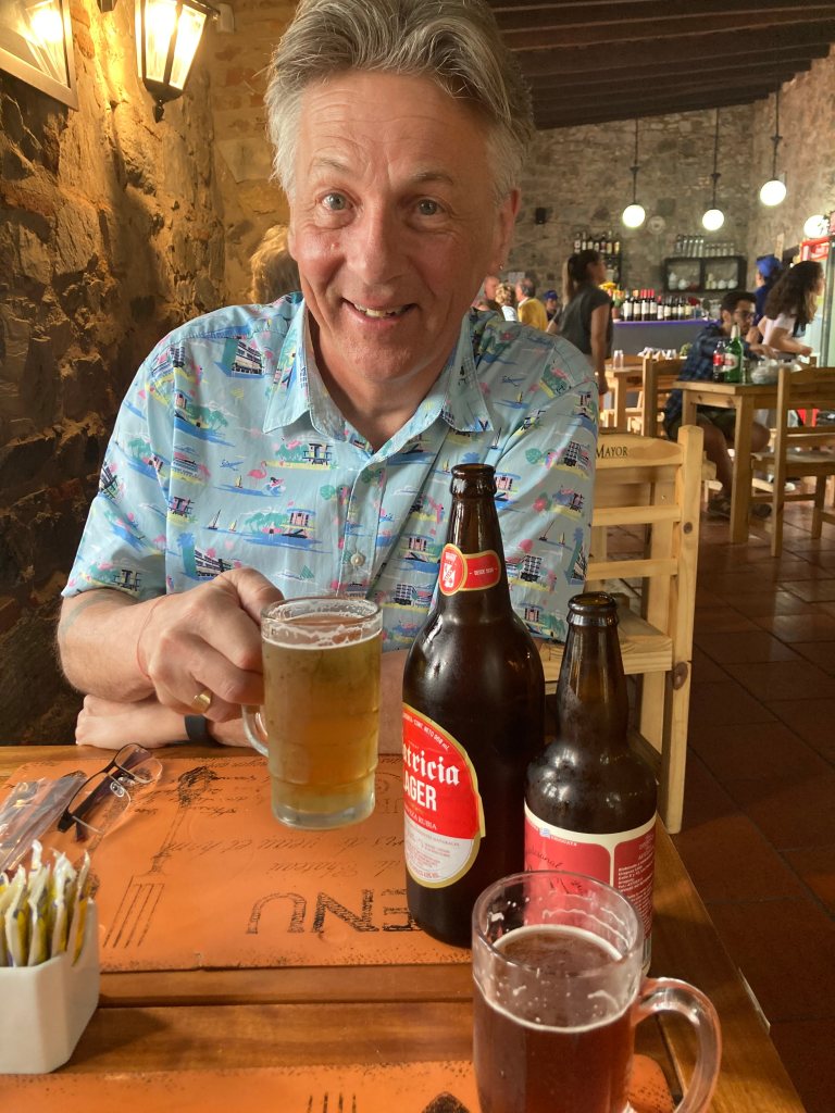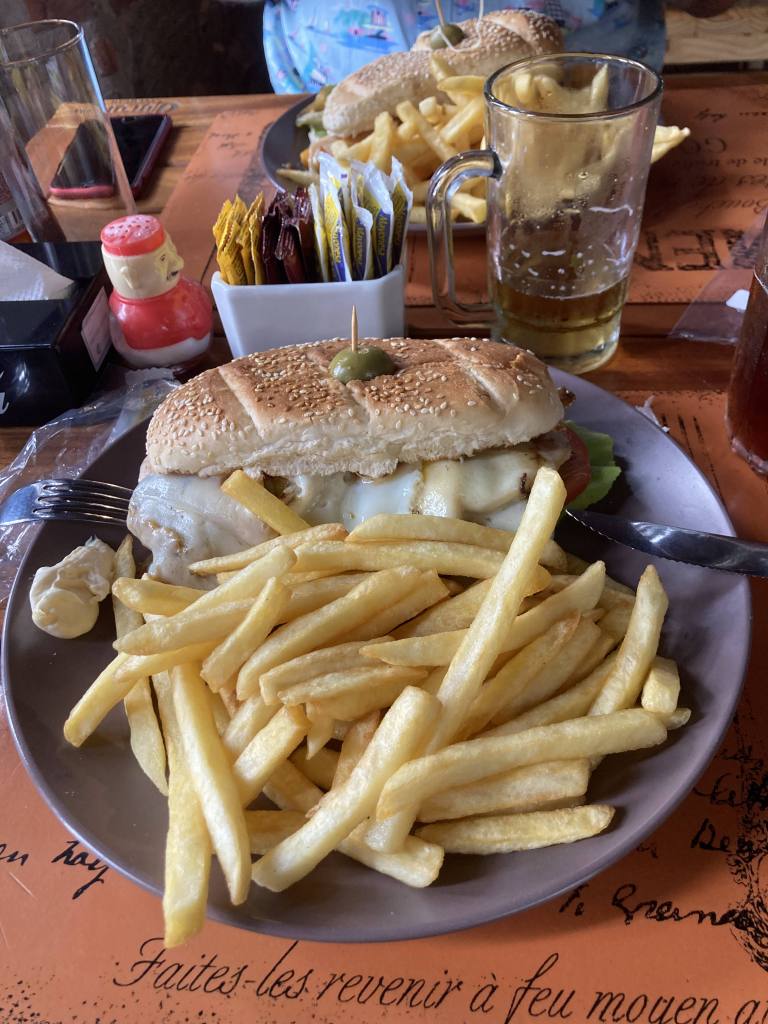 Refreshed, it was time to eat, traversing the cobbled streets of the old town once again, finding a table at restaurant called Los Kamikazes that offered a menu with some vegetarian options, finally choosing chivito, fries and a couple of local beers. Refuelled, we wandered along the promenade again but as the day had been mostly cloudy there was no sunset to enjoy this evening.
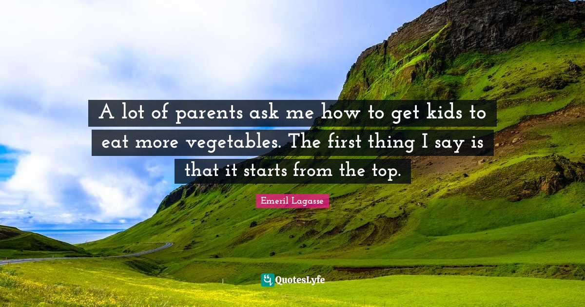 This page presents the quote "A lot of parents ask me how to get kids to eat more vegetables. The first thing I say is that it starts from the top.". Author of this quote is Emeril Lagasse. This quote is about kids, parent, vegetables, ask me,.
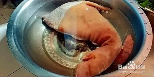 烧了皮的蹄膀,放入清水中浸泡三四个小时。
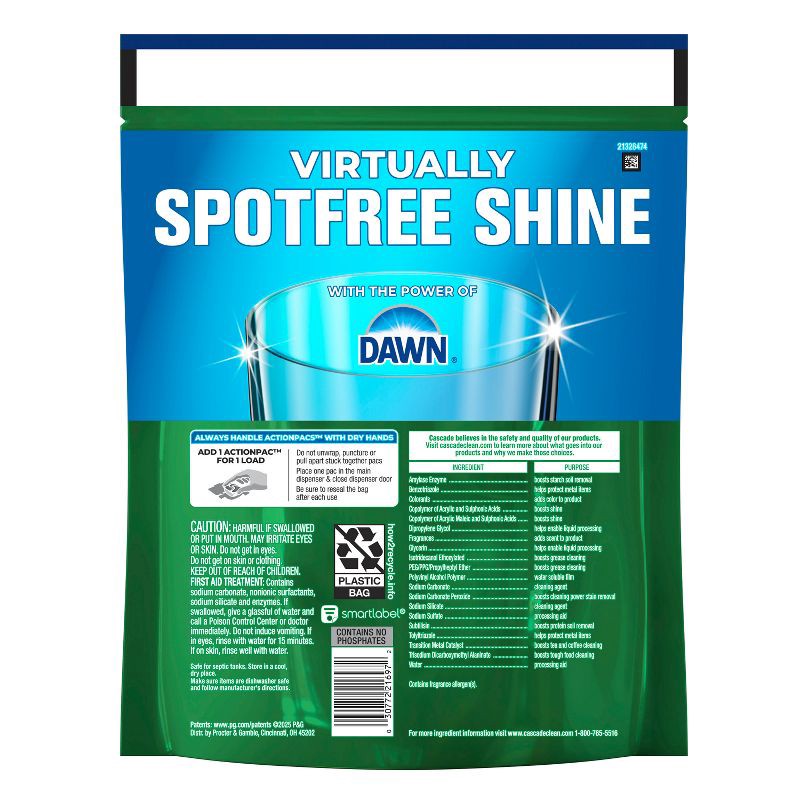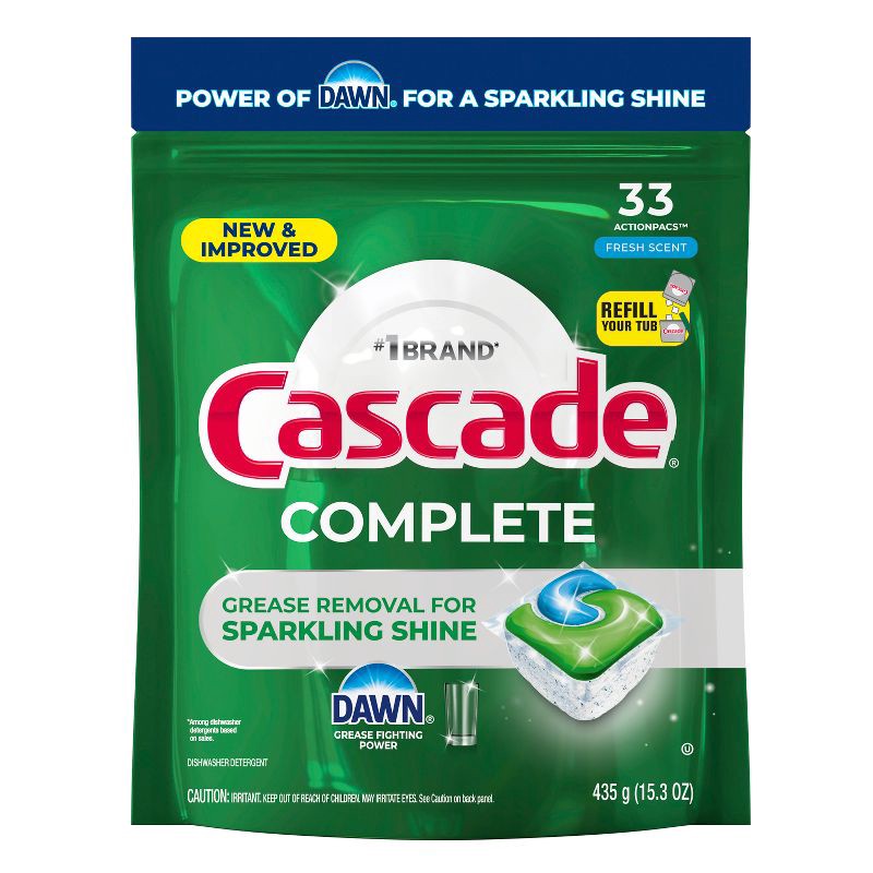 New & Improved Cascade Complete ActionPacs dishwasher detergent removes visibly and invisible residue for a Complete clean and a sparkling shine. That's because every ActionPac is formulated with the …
════════════════
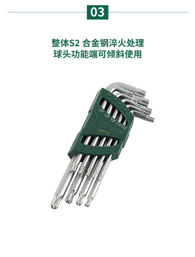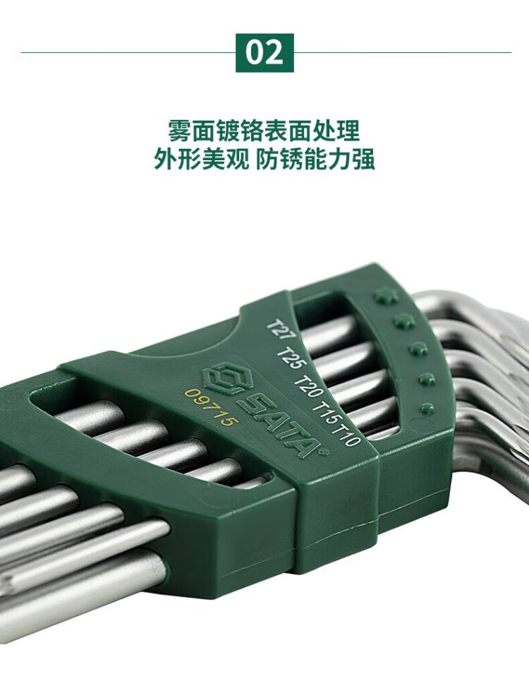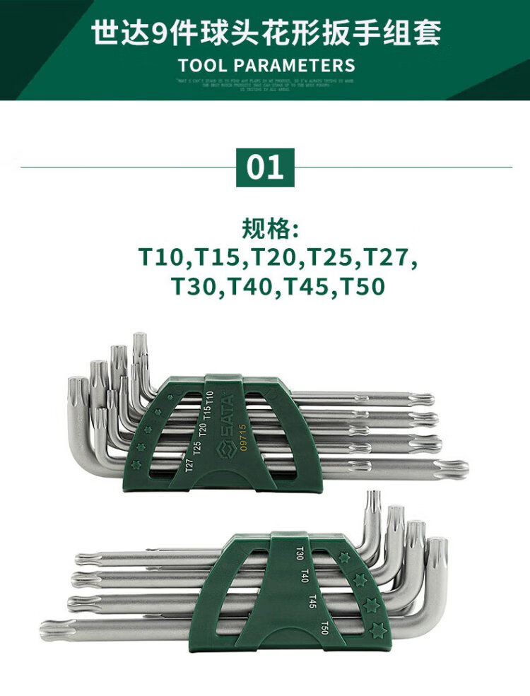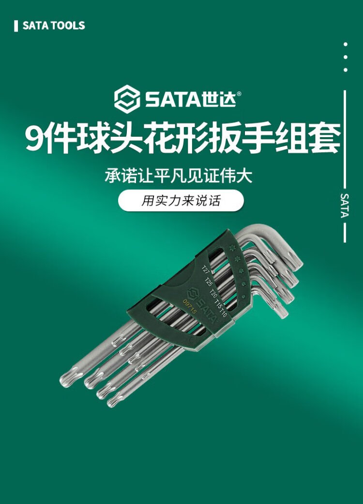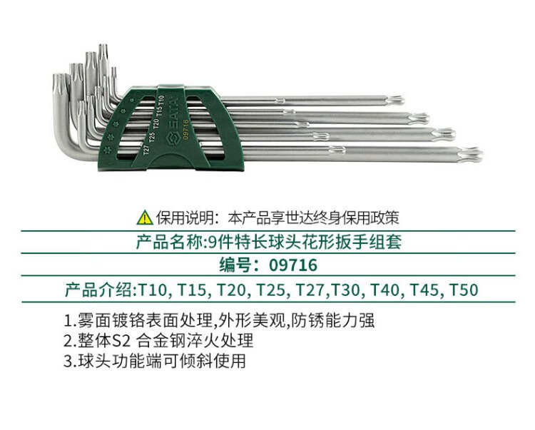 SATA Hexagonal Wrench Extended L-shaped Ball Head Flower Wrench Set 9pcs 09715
════════════════
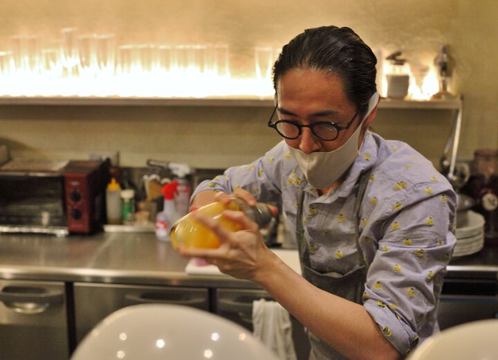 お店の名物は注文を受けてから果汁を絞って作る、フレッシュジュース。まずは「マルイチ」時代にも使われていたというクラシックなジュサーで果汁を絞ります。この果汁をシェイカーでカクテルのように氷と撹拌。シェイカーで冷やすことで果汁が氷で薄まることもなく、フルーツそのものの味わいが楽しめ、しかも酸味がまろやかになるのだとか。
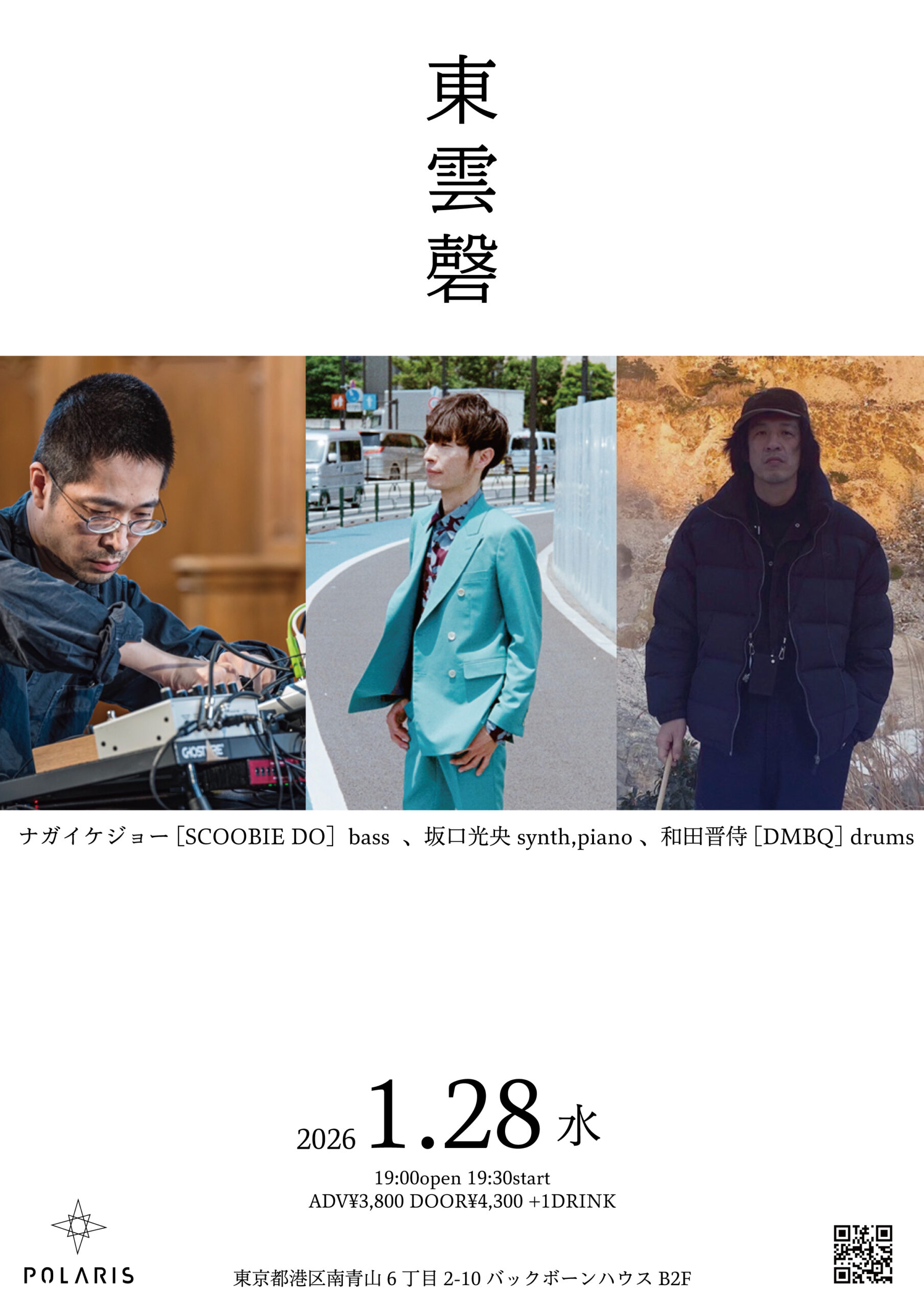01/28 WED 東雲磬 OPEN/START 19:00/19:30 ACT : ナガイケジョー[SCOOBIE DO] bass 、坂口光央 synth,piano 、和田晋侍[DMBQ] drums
════════════════
The data above holds the lines to copy: start at the one with "Refreshed, it was", stop at the one with "New & Improved", include both, copy them exactly without pictures, and copy nothing else.

- _THE COMPLETED TASK_
 Refreshed, it was time to eat, traversing the cobbled streets of the old town once again, finding a table at restaurant called Los Kamikazes that offered a menu with some vegetarian options, finally choosing chivito, fries and a couple of local beers. Refuelled, we wandered along the promenade again but as the day had been mostly cloudy there was no sunset to enjoy this evening.
 This page presents the quote "A lot of parents ask me how to get kids to eat more vegetables. The first thing I say is that it starts from the top.". Author of this quote is Emeril Lagasse. This quote is about kids, parent, vegetables, ask me,.
 烧了皮的蹄膀,放入清水中浸泡三四个小时。
 New & Improved Cascade Complete ActionPacs dishwasher detergent removes visibly and invisible residue for a Complete clean and a sparkling shine. That's because every ActionPac is formulated with the …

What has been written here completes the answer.